**WHAT TO DO**
Repeat the listing exactly. Pictures stay out of your copy.

**PROVIDED DATA**

☆ ☆ ☆

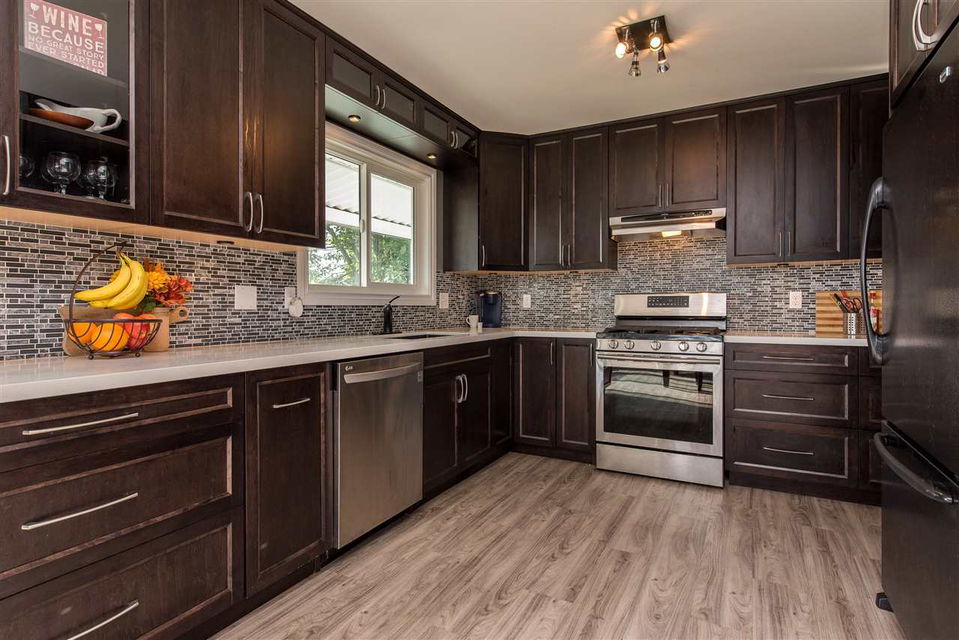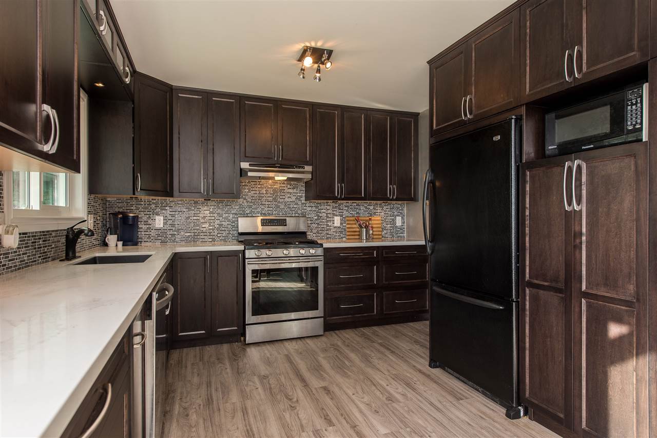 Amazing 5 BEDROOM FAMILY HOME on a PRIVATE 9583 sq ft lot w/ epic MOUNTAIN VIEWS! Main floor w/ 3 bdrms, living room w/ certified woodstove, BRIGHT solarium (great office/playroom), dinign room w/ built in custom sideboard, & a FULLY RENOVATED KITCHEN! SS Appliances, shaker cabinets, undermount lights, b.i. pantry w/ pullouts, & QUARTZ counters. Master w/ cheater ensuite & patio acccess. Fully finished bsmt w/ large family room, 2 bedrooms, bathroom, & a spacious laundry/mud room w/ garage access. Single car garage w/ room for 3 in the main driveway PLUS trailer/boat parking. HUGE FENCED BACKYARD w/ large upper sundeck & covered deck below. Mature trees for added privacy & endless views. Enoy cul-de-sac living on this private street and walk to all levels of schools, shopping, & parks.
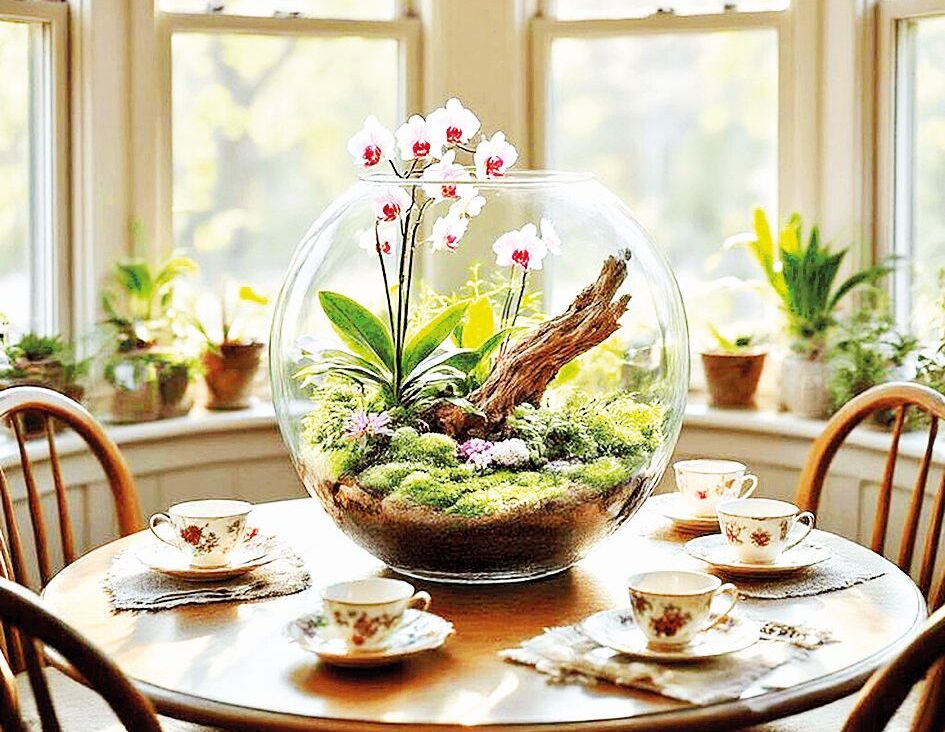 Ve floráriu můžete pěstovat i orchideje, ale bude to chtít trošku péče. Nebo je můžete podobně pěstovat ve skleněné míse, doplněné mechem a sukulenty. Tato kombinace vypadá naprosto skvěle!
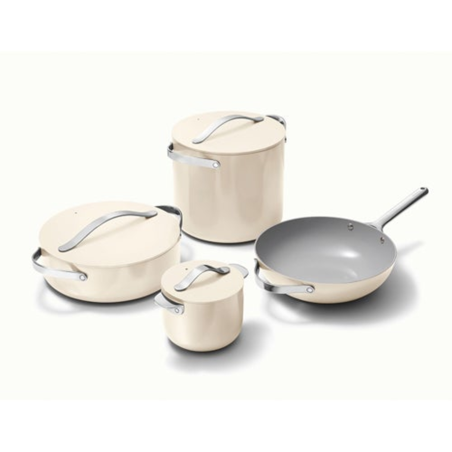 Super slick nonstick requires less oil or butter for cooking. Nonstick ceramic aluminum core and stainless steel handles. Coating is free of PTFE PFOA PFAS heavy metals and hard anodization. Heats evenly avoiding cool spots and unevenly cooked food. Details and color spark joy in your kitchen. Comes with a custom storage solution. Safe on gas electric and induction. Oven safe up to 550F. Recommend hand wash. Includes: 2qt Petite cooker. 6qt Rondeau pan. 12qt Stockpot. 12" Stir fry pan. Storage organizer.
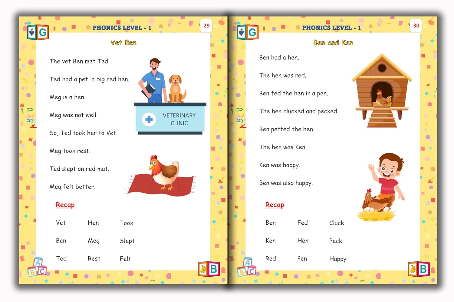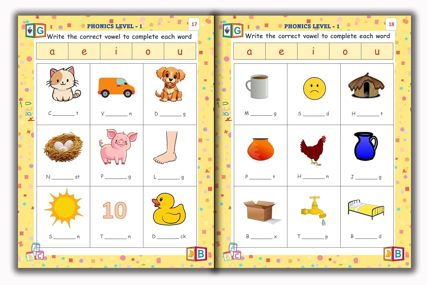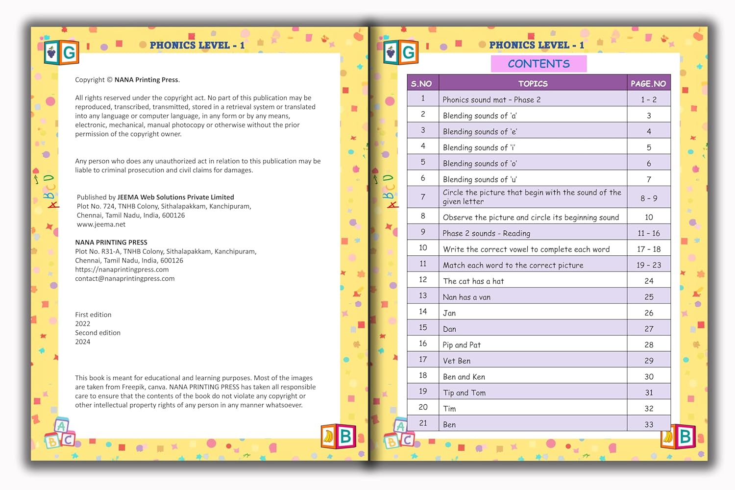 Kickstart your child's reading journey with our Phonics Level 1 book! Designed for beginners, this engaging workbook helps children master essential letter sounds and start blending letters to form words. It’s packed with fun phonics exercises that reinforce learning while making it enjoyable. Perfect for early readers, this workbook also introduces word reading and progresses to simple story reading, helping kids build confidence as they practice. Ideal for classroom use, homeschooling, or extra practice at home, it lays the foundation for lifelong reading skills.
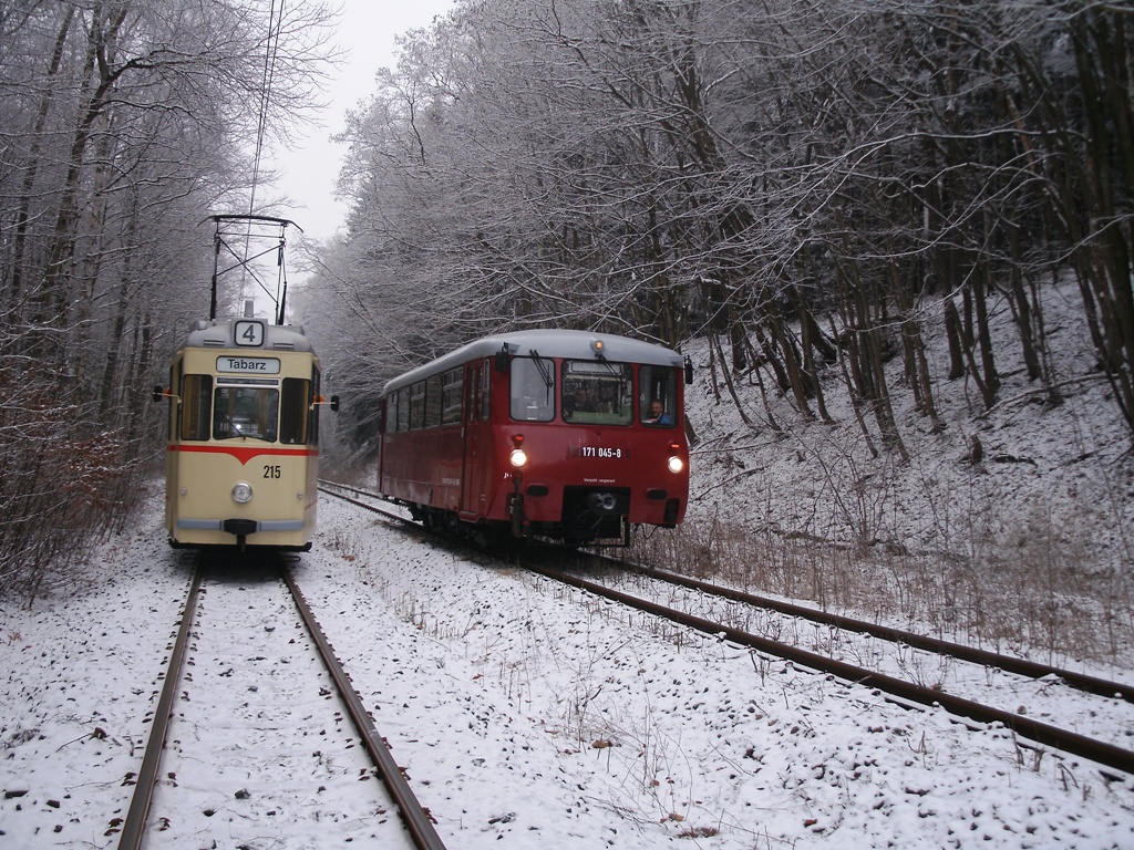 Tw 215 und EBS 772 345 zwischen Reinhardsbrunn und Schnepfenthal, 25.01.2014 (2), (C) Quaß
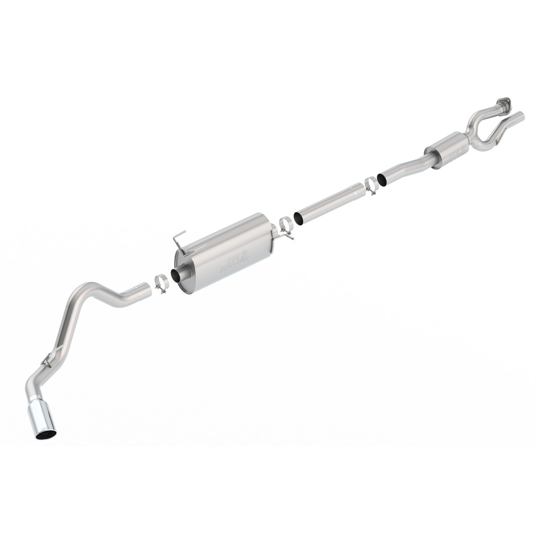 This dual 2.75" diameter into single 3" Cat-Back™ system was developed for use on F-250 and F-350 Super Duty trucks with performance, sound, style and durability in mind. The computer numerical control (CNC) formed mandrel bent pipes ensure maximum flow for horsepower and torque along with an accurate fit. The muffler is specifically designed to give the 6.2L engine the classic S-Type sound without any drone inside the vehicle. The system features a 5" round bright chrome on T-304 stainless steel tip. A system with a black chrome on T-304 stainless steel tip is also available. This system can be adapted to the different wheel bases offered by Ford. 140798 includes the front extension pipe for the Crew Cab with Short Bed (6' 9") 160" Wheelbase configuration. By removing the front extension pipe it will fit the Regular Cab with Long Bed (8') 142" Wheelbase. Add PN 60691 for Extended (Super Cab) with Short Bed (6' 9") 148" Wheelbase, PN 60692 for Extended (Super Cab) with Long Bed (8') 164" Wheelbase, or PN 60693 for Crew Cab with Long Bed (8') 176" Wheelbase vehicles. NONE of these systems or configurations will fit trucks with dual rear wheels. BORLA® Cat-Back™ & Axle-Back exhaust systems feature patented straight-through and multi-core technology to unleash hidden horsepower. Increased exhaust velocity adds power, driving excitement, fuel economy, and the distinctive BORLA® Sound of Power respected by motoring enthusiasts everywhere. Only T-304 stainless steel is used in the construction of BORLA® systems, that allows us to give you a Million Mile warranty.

☆ ☆ ☆

**RESPONSE TO THE TASK**
 Amazing 5 BEDROOM FAMILY HOME on a PRIVATE 9583 sq ft lot w/ epic MOUNTAIN VIEWS! Main floor w/ 3 bdrms, living room w/ certified woodstove, BRIGHT solarium (great office/playroom), dinign room w/ built in custom sideboard, & a FULLY RENOVATED KITCHEN! SS Appliances, shaker cabinets, undermount lights, b.i. pantry w/ pullouts, & QUARTZ counters. Master w/ cheater ensuite & patio acccess. Fully finished bsmt w/ large family room, 2 bedrooms, bathroom, & a spacious laundry/mud room w/ garage access. Single car garage w/ room for 3 in the main driveway PLUS trailer/boat parking. HUGE FENCED BACKYARD w/ large upper sundeck & covered deck below. Mature trees for added privacy & endless views. Enoy cul-de-sac living on this private street and walk to all levels of schools, shopping, & parks.
 Ve floráriu můžete pěstovat i orchideje, ale bude to chtít trošku péče. Nebo je můžete podobně pěstovat ve skleněné míse, doplněné mechem a sukulenty. Tato kombinace vypadá naprosto skvěle!
 Super slick nonstick requires less oil or butter for cooking. Nonstick ceramic aluminum core and stainless steel handles. Coating is free of PTFE PFOA PFAS heavy metals and hard anodization. Heats evenly avoiding cool spots and unevenly cooked food. Details and color spark joy in your kitchen. Comes with a custom storage solution. Safe on gas electric and induction. Oven safe up to 550F. Recommend hand wash. Includes: 2qt Petite cooker. 6qt Rondeau pan. 12qt Stockpot. 12" Stir fry pan. Storage organizer.
 Kickstart your child's reading journey with our Phonics Level 1 book! Designed for beginners, this engaging workbook helps children master essential letter sounds and start blending letters to form words. It’s packed with fun phonics exercises that reinforce learning while making it enjoyable. Perfect for early readers, this workbook also introduces word reading and progresses to simple story reading, helping kids build confidence as they practice. Ideal for classroom use, homeschooling, or extra practice at home, it lays the foundation for lifelong reading skills.
 Tw 215 und EBS 772 345 zwischen Reinhardsbrunn und Schnepfenthal, 25.01.2014 (2), (C) Quaß
 This dual 2.75" diameter into single 3" Cat-Back™ system was developed for use on F-250 and F-350 Super Duty trucks with performance, sound, style and durability in mind. The computer numerical control (CNC) formed mandrel bent pipes ensure maximum flow for horsepower and torque along with an accurate fit. The muffler is specifically designed to give the 6.2L engine the classic S-Type sound without any drone inside the vehicle. The system features a 5" round bright chrome on T-304 stainless steel tip. A system with a black chrome on T-304 stainless steel tip is also available. This system can be adapted to the different wheel bases offered by Ford. 140798 includes the front extension pipe for the Crew Cab with Short Bed (6' 9") 160" Wheelbase configuration. By removing the front extension pipe it will fit the Regular Cab with Long Bed (8') 142" Wheelbase. Add PN 60691 for Extended (Super Cab) with Short Bed (6' 9") 148" Wheelbase, PN 60692 for Extended (Super Cab) with Long Bed (8') 164" Wheelbase, or PN 60693 for Crew Cab with Long Bed (8') 176" Wheelbase vehicles. NONE of these systems or configurations will fit trucks with dual rear wheels. BORLA® Cat-Back™ & Axle-Back exhaust systems feature patented straight-through and multi-core technology to unleash hidden horsepower. Increased exhaust velocity adds power, driving excitement, fuel economy, and the distinctive BORLA® Sound of Power respected by motoring enthusiasts everywhere. Only T-304 stainless steel is used in the construction of BORLA® systems, that allows us to give you a Million Mile warranty.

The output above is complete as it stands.